Another common modification is to change the orientation of the numbers along the axes. The default is that the numbers are parallel to their respective axis. You can see this in the current plot that is displayed… along the x-axis the numbers are horizontal and along the y-axis the numbers are rotated 90 degrees anti-clockwise. You can change the style of these axis labels with the argument las =. The default is parallel to the axis (las = 0), but you may often want to set them to be always horizontal (las = 1) or always perpendicular (las = 2), or even always vertical (las = 3). Try setting the axes to always horizontal, in a new call to our basic plot command.

plot(Head ~ Tarsus, data = BirdData, las = 1)

Ok, now let’s combine these two arguments and see what happens. Put the previous new values of las and tcl in our plot command.
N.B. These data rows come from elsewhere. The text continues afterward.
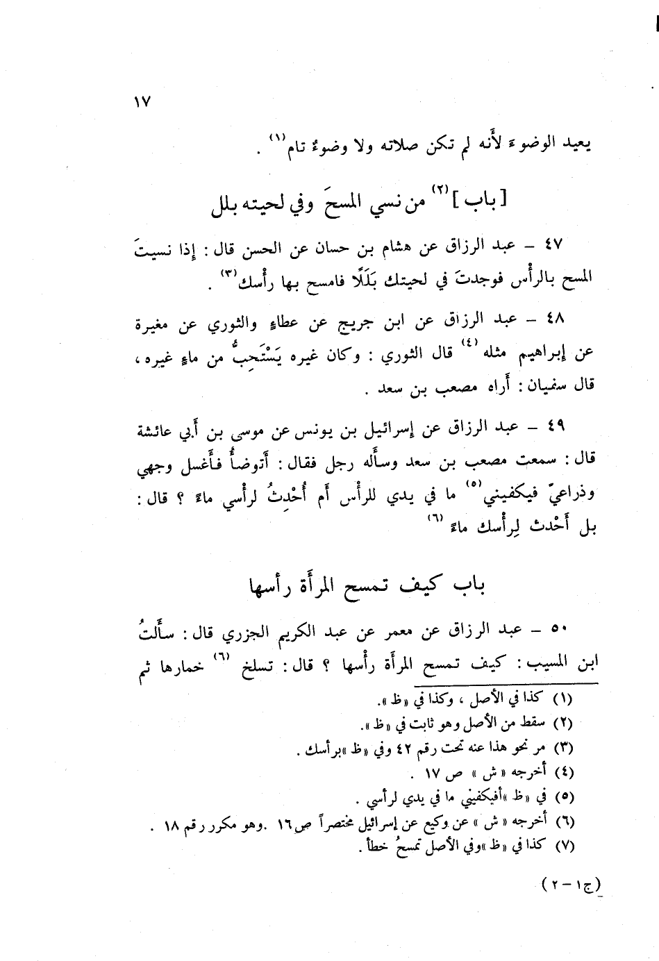 50 - عَبْدُ الرَّزَّاقِ، عَنْ مَعْمَرٍ، عَنْ عَبْدِ الْكَرِيمِ الْجَزَرِيِّ قَالَ: سَأَلْتُ ابْنَ الْمُسَيِّبِ، §كَيْفَ تَمْسَحُ الْمَرْأَةُ رَأْسَهَا؟ قَالَ: «تَسْلَخُ خِمَارَهَا، ثُمَّ تَمْسَحُ رَأْسَهَا»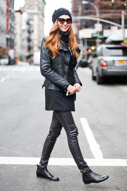 Если ты не байкер и не девушка байкера, такое сочетание лучше приберечь для тематических вечеринок в рок-н-ролльном стиле.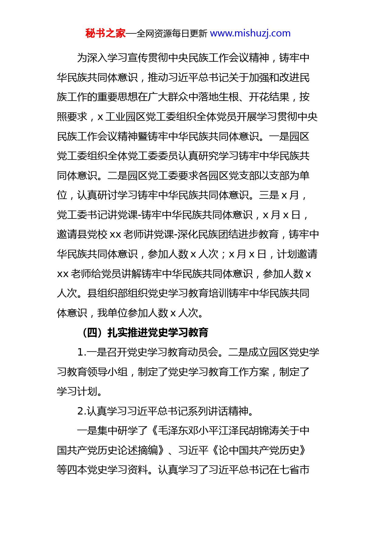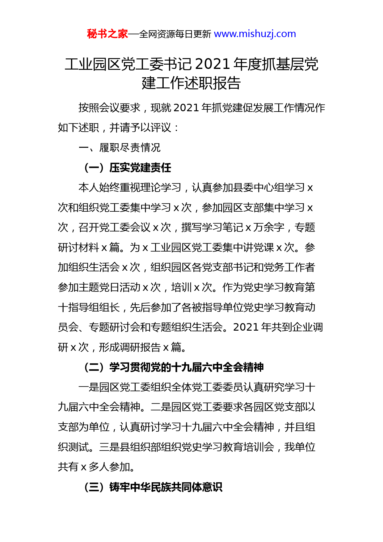 秘书之家—全网资源每日更新www.mishuzj.com工业园区党工委书记2021年度抓基层党建工作述职报告按照会议要求,现就2021年抓党建促发展工作情况作如下述职,并请予以评议:一、履职尽责情况(一)压实党建责任本人始终重视理论学习,认真参加县委中心组学习x次和组织党工委集中学习x次,参加园区支部集中学习x次,召开党工委会议x次,撰写学习笔记x万余字,专题研讨材料x篇。为x工业园区党工委集中讲党课x次。参加组织生活会x次,组织园区各党支部书记和党务工作者参加主题党日活动x次,培训x次。作为党史学习教育第十指导组组长,先后参加了各被指导单位党史学习教育动员会、专题研讨会和专题组织生活会。2021年共到企业调研x次,形成调研报告x篇。(二)学习贯彻党的十九届六中全会精神一是园区党工委组织全体党工委委员认真研究学习十九届六中全会精神。二是园区党工委要求各园区党支部以支部为单位,认真研讨学习十九届六中全会精神,并且组织测试。三是县组织部组织党史学习教育培训会,我单位共有x多人参加。(三)铸牢中华民族共同体意识秘书之家—全网资源每日更新www.mishuzj.com为深入学习宣传贯彻中央民族工作会议精神,铸牢中华民族共同体意识,推动习近平总书记关于加强和改进民族工作的重要思想在广大群众中落地生根、开花结果,按照要求,x工业园区党工委组织全体党员开展学习贯彻中央民族工作会议精神暨铸牢中华民族共同体意识。一是园区党工委组织全体党工委委员认真研究学习铸牢中华民族共同体意识。二是园区党工委要求各园区党支部以支部为单位,认真研讨学习铸牢中华民族共同体意识。三是x月,党工委书记讲党课-铸牢中华民族共同体意识,x月x日,邀请县党校xx老师讲党课-深化民族团结进步教育,铸牢中华民族共同体意识,参加人数x人次;x月x日,计划邀请xx老师给党员讲解铸牢中华民族共同体意识,参加人数x人次。县组织部组织党史学习教育培训铸牢中华民族共同体意识,我单位参加人数x人次。(四)扎实推进党史学习教育1.一是召开党史学习教育动员会。二是成立园区党史学习教育领导小组,制定了党史学习教育工作方案,制定了学习计划。2.认真学习习近平总书记系列讲话精神。一是集中研学了《毛泽东邓小平江泽民胡锦涛关于中国共产党历史论述摘编》、习近平《论中国共产党历史》等四本党史学习资料。认真学习了习近平总书记在七省市秘书之家—全网资源每日更新www.mishuzj.com考察时的重要讲话精神,认真落实习近平总书记关于内蒙古工作的重要讲话重要批示指示;认真学习和落实了《中国共产党组织工作条例》和《中国共产党统一战线工作条例》3.结合党的发展历史和园区发展实际,组织园区机关党员干部参加集中讲授党课x次。其中园区党工委书记讲党课x次,支部书记讲党课x次,邀请县党校高级教师讲党课x次。召开了x次专题研讨会,x月末,工业园区党工委组织x多名党员就近参观了“黄河水利文化博物馆”、“河套文化博物院”等爱国主义教育基地,感受革命先辈的崇高理想信念,接受传统教育的深刻洗礼。园区党工委先后组织党员观看了《长津湖》和《悬崖之上》两部爱国电影。举办了“学党史、知党恩、跟党走”党史知识竞赛,x个企业基层党组织和单位代表队、x名党员、入党积极分子参加了竞赛。4.践行教育成果,主动为民服务。“党旗在基层一线高高飘扬”,为了切实开展“我为群众办实事”实践活动,工业园区党工委结合实际及时制定“我为群众办实事”实践活动方案,制定“四个计划”、“四个清单”,确保活动有效开展。二是通过开门纳谏深入基层调研查找问题,通过“三服务、三提升”活动为泰顺兴业食品公司完成技改搬迁,投资x万元;协助完成华润电厂铁路专用线建设,秘书之家—全网资源每日更新www.mishuzj.com扩大了电厂用煤采购范围,降低了发电成本,投资x万元,年用储量x万吨;帮助圣牧乳业投资x多万元,解决技改生产线电力供给线路建设,华润金牛电厂热网接入专线。三是立足岗位作贡献,工业园区班子成员根据分管工作,每人完成了x篇高质量的调研报告,积极为园区发展献言献策。四是开展为民分忧解难题活动,投资x多元清理陈年垃圾一处;投资x元为和平社区改造了自来水设备。五是访贫慰问献爱心。园区党支部会同党工委慰问园区企业贫困党员x名,每人给予慰问金x元。园区党员干部职工自愿集资x多元,慰问单位一名患病老党员,让贫困党员切身感受到党组织的关心关怀。集资x多元慰问贫困群众;六是促进“党建”带“关建”工作成效,园区党支部与圣牧控股公司联合开展了“微心愿”活动,为县三完小x名贫困学生赠送了x元的学习用品。为包尔盖农场x名中小学生送名著,激励孩子们好好学习,爱党爱国。5.园区各企业党支部都召开了党史学习教育启动会,认真组织广大党员庆祝中国共产党成立100年活动,通过观看观看直播,就近参观红色经典和给每个党员过政治生日,以及帮助广大员工和居民解决实际问题,积极开展党史学习教育。圣牧奶业公司党支部通过“困难员工帮扶慰问”、开展“礼赞百周年,巾帼绽芳华”、“生日礼金、婚礼祝贺”、“员工成长关爱”等活动解决员工在工作、生活以秘书之家—全网资源每日更新www.mishuzj.com及成长上存在的问题;中涵水务公司党支部

plot(Head ~ Tarsus, data = BirdData, las = 1, tcl = 1)

What do you see? We now have tick marks pointing inwards and horizontal tick labels. Doing these operations has led to some extra white space appearing around the edges of our plot, where the tick marks used to be. For someone as persnickity about graphics as me, this does not look quite right … ‘How might we decrease this space?’ I hear you ask … Well …

As you might expect, there is an argument for that. Within par, the argument mgp = is a vector of three elements that controls the number of lines out from the plot edge where the axis title (mgp[1]), axis labels (mgp[2]) and axis line itself (mgp[3]) are placed. The default is mgp = c(3, 1, 0). In our scenario, a more appealing distance between the axis labels and the axis itself is mgp = c(2.5, 0.5, 0). Try that, adding the mgp argument to the previous code.
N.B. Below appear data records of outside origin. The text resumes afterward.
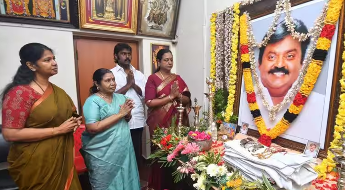 பிரேமலதாவை நேரில் சந்தித்த திமுக எம்பி கனிமொழி… வீட்டுக்கே சென்று விஜயகாந்த் மகனுக்கு ஆறுதல்!
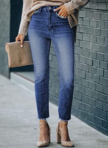 luvamia 女式七分牛仔裤高腰修身直筒弹力牛仔七分裤贴边口袋休闲七分牛仔裤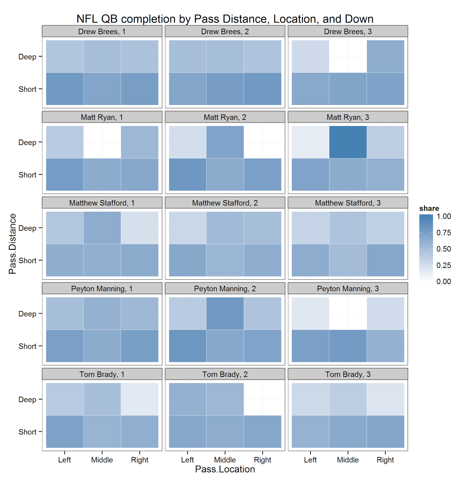 library(dplyr) library(ggplot2) # note: change path to the dataset df = read.csv("C:/Users/Mark/Desktop/RInvest/nflpbp/2013 NFL Play-by-Play Data.csv", stringsAsFactors = F) passers = df %>% filter(Play.Type == "Pass") %>% group_by(Passer) %>% summarize(n.obs = length(Play.Type)) %>% arrange(desc(n.obs)) top.passers = head(passers$Passer,5) df %>% filter(Play.Type == "Pass", Passer %in% top.passers) %>% mutate(Pass.Distance = factor(Pass.Distance, levels = c("Short","Deep"))) %>% group_by(Down,Passer,Pass.Location, Pass.Distance) %>% summarize(share = (sum(Pass.Result == "Complete") / length(Pass.Result)), n.obs = length(Pass.Result)) %>% filter(n.obs > 5) %>% ggplot(., aes(Pass.Location, Pass.Distance)) + geom_tile(aes(fill = share), colour = "white") + facet_wrap(Passer ~ Down, ncol = 3) + scale_fill_gradient(low = "white", high = "steelblue", limits = c(0,1)) + theme_bw() + ggtitle("NFL QB completion by Pass Distance, Location, and Down")
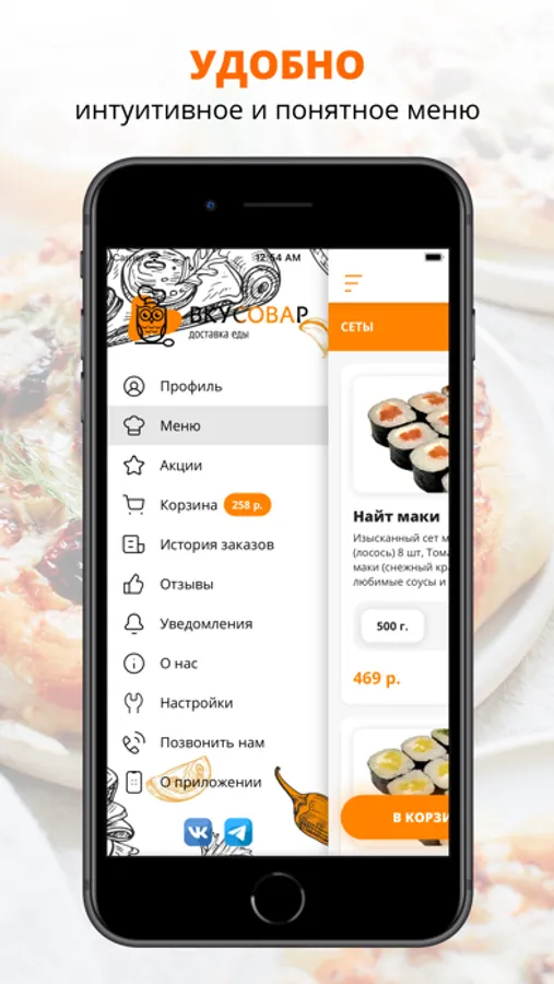 Приложение ВКУСОВАР — это удобный способ заказа готовой еды домой или в офис! Мы готовим наши блюда из качественных свежих ингредиентов и доставляем быстро и бережно.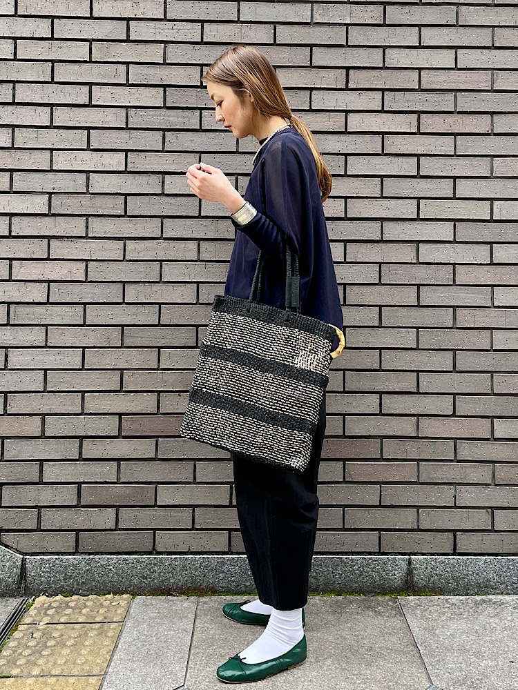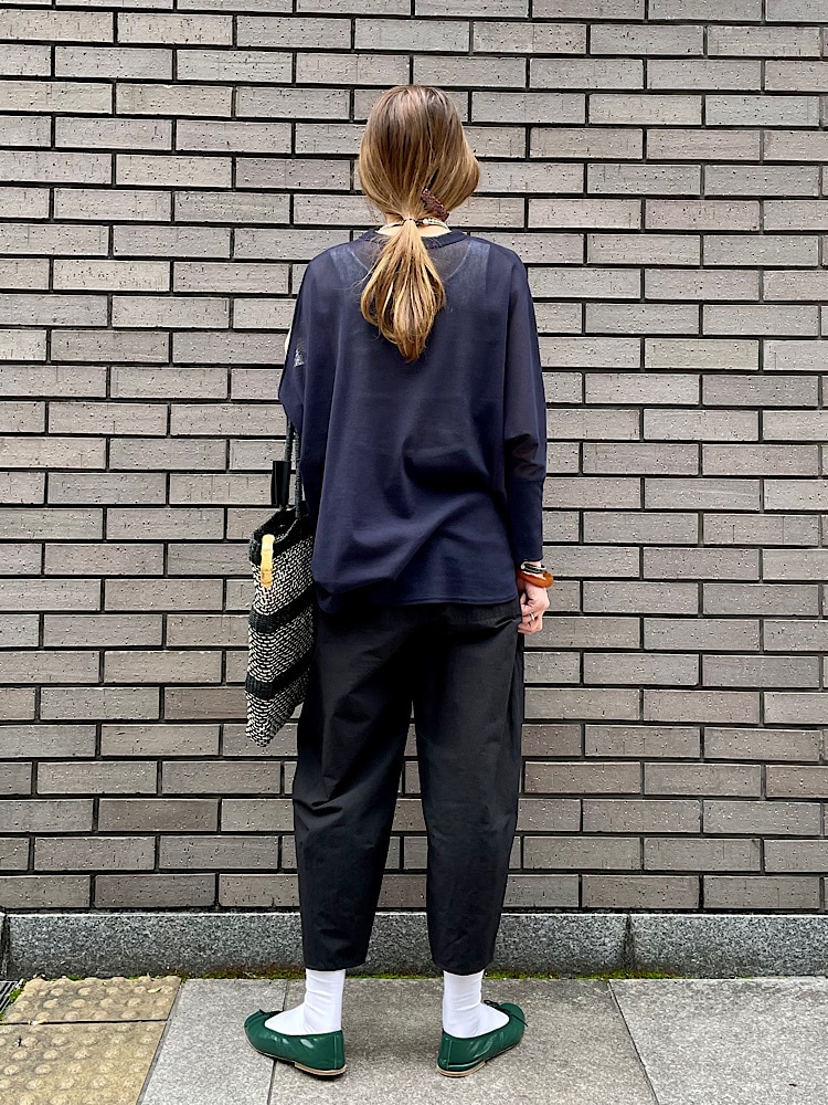 素材感・着心地:コットンの少しシャリ感のある素材。透け感があり、軽い印象で着用できます

plot(Head ~ Tarsus, data = BirdData, las = 1, tcl = 1, mgp = c(2.5, 0.5, 0))

Great, that moved the axes labels closer in, which (I think!) looks better. See what fine-scale control you can have over the appearance of your figures? It’s wonderful!

R generally sets the limits of the axes just wider than the data. There are several cases when you may want to change this, for example to set the lower limit to 0, or make both sides wider if you are plotting confidence limits and the default range is not wide enough. Setting the arguments xlim = and ylim = (x- and y axis limits) will resolve this issue. Try setting the x axis limits to 19 and 25. As with mgp =, you need to pass a vector here, in this case of only two elements setting the min and max of the axis. Add this argument to the previous code.
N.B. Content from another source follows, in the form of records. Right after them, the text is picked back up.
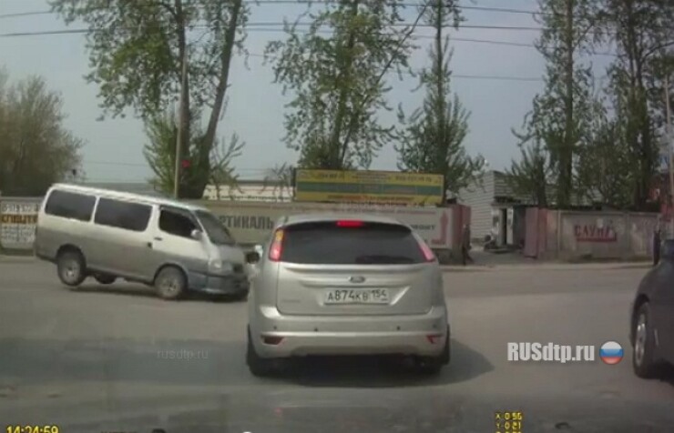9 мая, Новосибирск, улица Кутателадзе. Водитель легковушки решил, что успеет повернуть налево перед встречным микроавтобусом.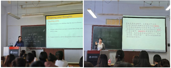 为进一步提升大学英语课堂教学质量,鼓励大学英语教师积极探索并不断创新教学方法,近日大学英语教研室开展了大学英语课堂教学观摩研讨活动,大学英语骨干教师朱蕾和桂红梅分别呈现了大学英语读写课和听说课。yL23411永利官网登录副院长刘子富、教学督导李继平、刘燕、大学英语教研室无课老师参加了此次观摩研讨活动。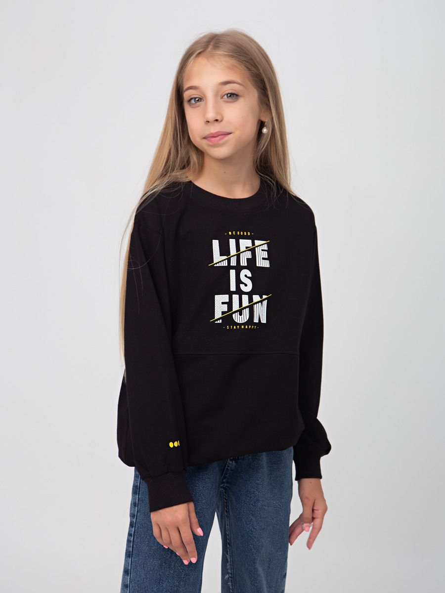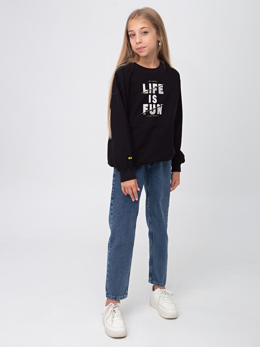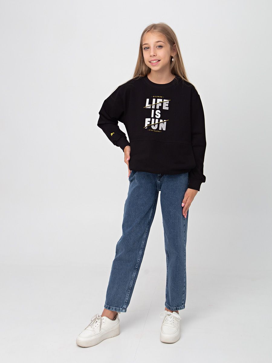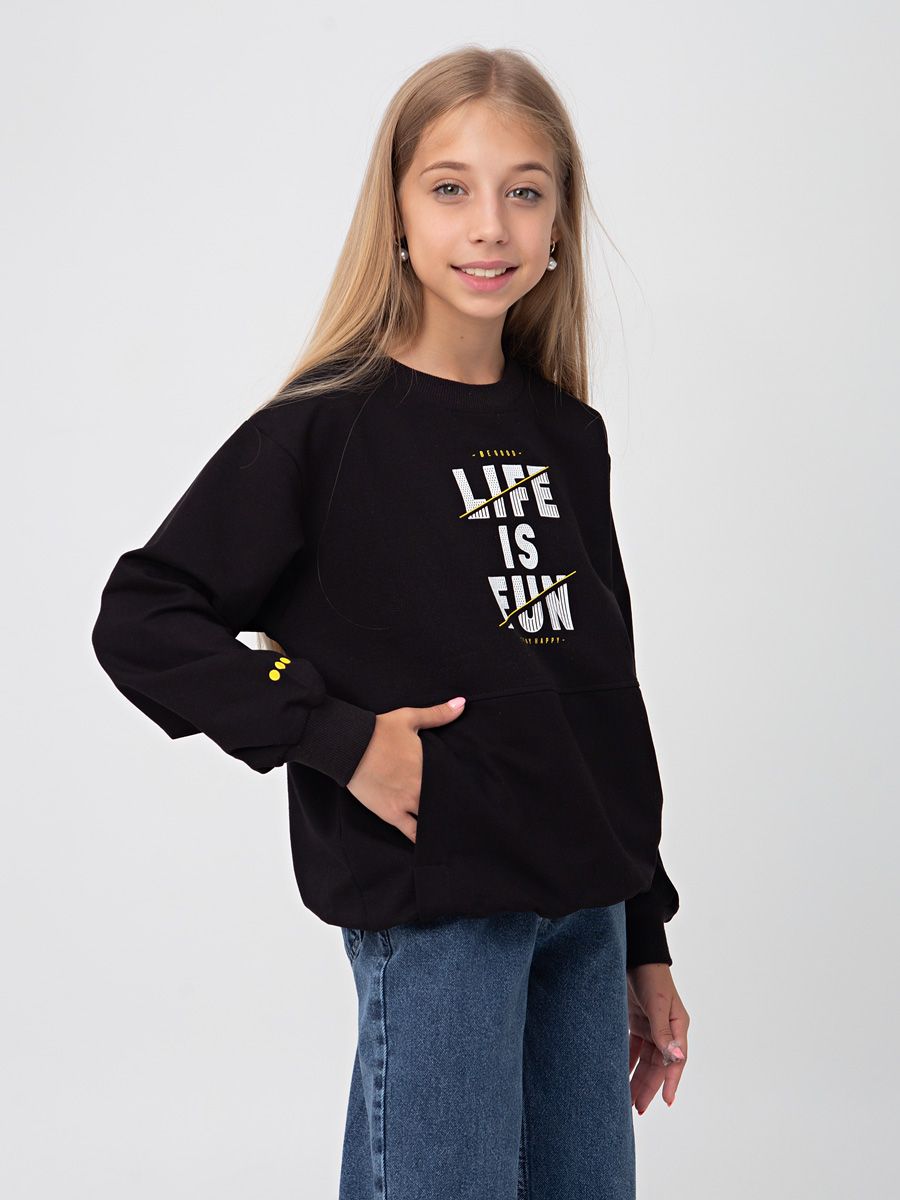 Свитшоты – одна из модных тенденций этого года. Немного мешковатая одежда популярна среди школьников и подростков, а потому такой свитшот будет востребован в любом магазине. Его можно носить в качестве элемента школьной одежды или как повседневный образ. Прекрасно сочетается и с юбками, и с брюками.

plot(Head ~ Tarsus, data = BirdData, las = 1, tcl = 1, mgp = c(2.5, 0.5, 0), xlim = c(19, 25))

As an aside, xlim and ylim are not arguments to par; it would not make sense to have them apply to every subsequent plot. These two arguments are sent by the plot() function to the plot.window() function, which sets up the coordinate system for that graphics window.

R tries very hard to make the axes limits as pretty as possible. These are recomputed internally, so if you resize your graphics window, they may even change in number and position. In particular, if you make the window too narrow, R will drop some of the labels. Try playing with the size of the graphics window now.

What if you wanted to ignore R, and decide on exactly everything about the axis labels, including the position of the tick marks and what labels went there? You can do it! However, first we would need remove the default axis and/or not have an axis plotted at all. We can suppress plotting the x axis with the argument xaxt = 'n', and the y axis withyaxt = ‘n’. Try suppressing the x axis of our default basic plot (i.e., ignoring all the recent additions).

plot(Head ~ Tarsus, data = BirdData, xaxt = 'n')

Great.. this suppresses the axis tick marks and labels, but not the axis title. To suppress the axis title, we have to modify the xlab = argument in plot() You can do this by xlab = ’’ (i.e., a text string with nothing in it). Try that, too, adding to the previous code.

plot(Head ~ Tarsus, data = BirdData, xaxt = 'n', xlab = '')

Now we can add in the axis that we want. To do this, we actually need to call a separate function, axis(), which we would run as a new line in our plotting commands. It cannot be nested within plot() or par(). Anyway, a call to axis() here will add an axis to the current plot. First, pull up the help file for axis.

?axis

To add an axis, you need to specify a minimum of two things. First, which side of the plot you want to put the axis (1=below, 2=left, 3=above and 4=right). Then, you need to provide where you want to put the ticks and labels, indicated by the argument at =. Let’s add an axis to the x (bottom) side of our plot, with numbers at 20, 21, and 22.

plot(Head ~ Tarsus, data = BirdData, xaxt = 'n', xlab = '')

axis(side = 1, at = c(20, 21, 22))

axis() has another useful argument, labels =, if you wanted to add labels different to the values where the tick marks are located, for example some text, the log of the values, or some other characters.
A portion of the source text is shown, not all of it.